# Washington Weather analysis (Moses Lake, Kennewick, Pullman)

## Introduction
This is a report on the historical analysis of weather patterns in an area that approximately overlaps eastern state of Washington.

The data we will use here comes from [NOAA](https://www.ncdc.noaa.gov/)and is downloaded from This [FTP site](ftp://ftp.ncdc.noaa.gov/pub/data/ghcn/daily/).

## Data description
The data have the form below
![data.png](attachment:data.png)

One row of data contains one measurement in one station during a specific year. There are six different measurements in the following:
* **TMIN, TMAX:** the daily minimum and maximum temperature.
* **TOBS:** The average temperature for each day.
* **PRCP:** Daily Percipitation (in mm)
* **SNOW:** Daily snowfall (in mm)
* **SNWD:** The depth of accumulated snow.


## Climate background from outside sources
The region I analyze (eastern Washington state) includes three major city, Moses Lake, Kennewick and Pullman. The map of my region is shown below.
![map_big.png](attachment:map_big.png)
![map.png](attachment:map.png)

To perform analysis, I first investigate the climate and geography in that place. The graph below shows the daily minimum and maximum temperatures for each month, as well as the total precipitation for each month. (Source: US Climate Data)
![moses.png](attachment:moses.png)


The high mountains of the Cascade Range run north-south and divide Washington state into "West side" and "East side". These mountains block the humidity from the ocean and bring the eastern area a much drier semi-arid climate.
Some places here are even dessert. Farther east, however, the climate becomes less arid due to the humidity from the north. The annual rainfall increases in Pullman, near the Washington-Idaho border.

Also, we can find that the rain varies between seasons. Major factors determining this include the large semi-permanent high pressure and low pressure systems of the north Pacific Ocean.
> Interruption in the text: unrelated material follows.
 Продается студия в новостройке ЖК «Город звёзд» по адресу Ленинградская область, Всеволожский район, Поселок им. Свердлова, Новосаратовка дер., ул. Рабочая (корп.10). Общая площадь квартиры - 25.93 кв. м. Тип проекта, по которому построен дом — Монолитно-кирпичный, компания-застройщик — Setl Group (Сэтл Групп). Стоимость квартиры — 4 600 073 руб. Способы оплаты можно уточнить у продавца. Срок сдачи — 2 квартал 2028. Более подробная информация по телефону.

In the spring and summer, a high pressure anticyclone system dominates the north Pacific Ocean, causing air to spiral out in a clockwise fashion. For Washington this means prevailing winds from the northwest bring relatively cool air and a predictably dry season.

In the autumn and winter, a low-pressure cyclone system takes over in the north Pacific Ocean, with air spiraling inward in a counter-clockwise fashion. This causes Washington's prevailing winds, the Chinooks, to come from the southwest, bringing relatively warm and moist air masses and a predictably wet season.

## Sanity checks
To make sure that our data is correct, we perform some statistics on them to see if they match the statistic from outside resource.
![tmaxtmin.png](attachment:tmaxtmin.png)
We can see that our data agree with the outside source (I already translate the temperature from Centigrade to Fahrenheit).

To compare the precipitation we need to translate millimeter/day to inches/month. (1 inch = 2.54 cm)
We see that the curve of the rainfall throughout the year agrees with the outside source. The rain in summer is significantly less than the rain in winter.
![PRCP.png](attachment:PRCP.png)



## PCA analysis
For each of the six measurement, we compute the percentate of the variance explained as a function of the number of eigen-vectors used.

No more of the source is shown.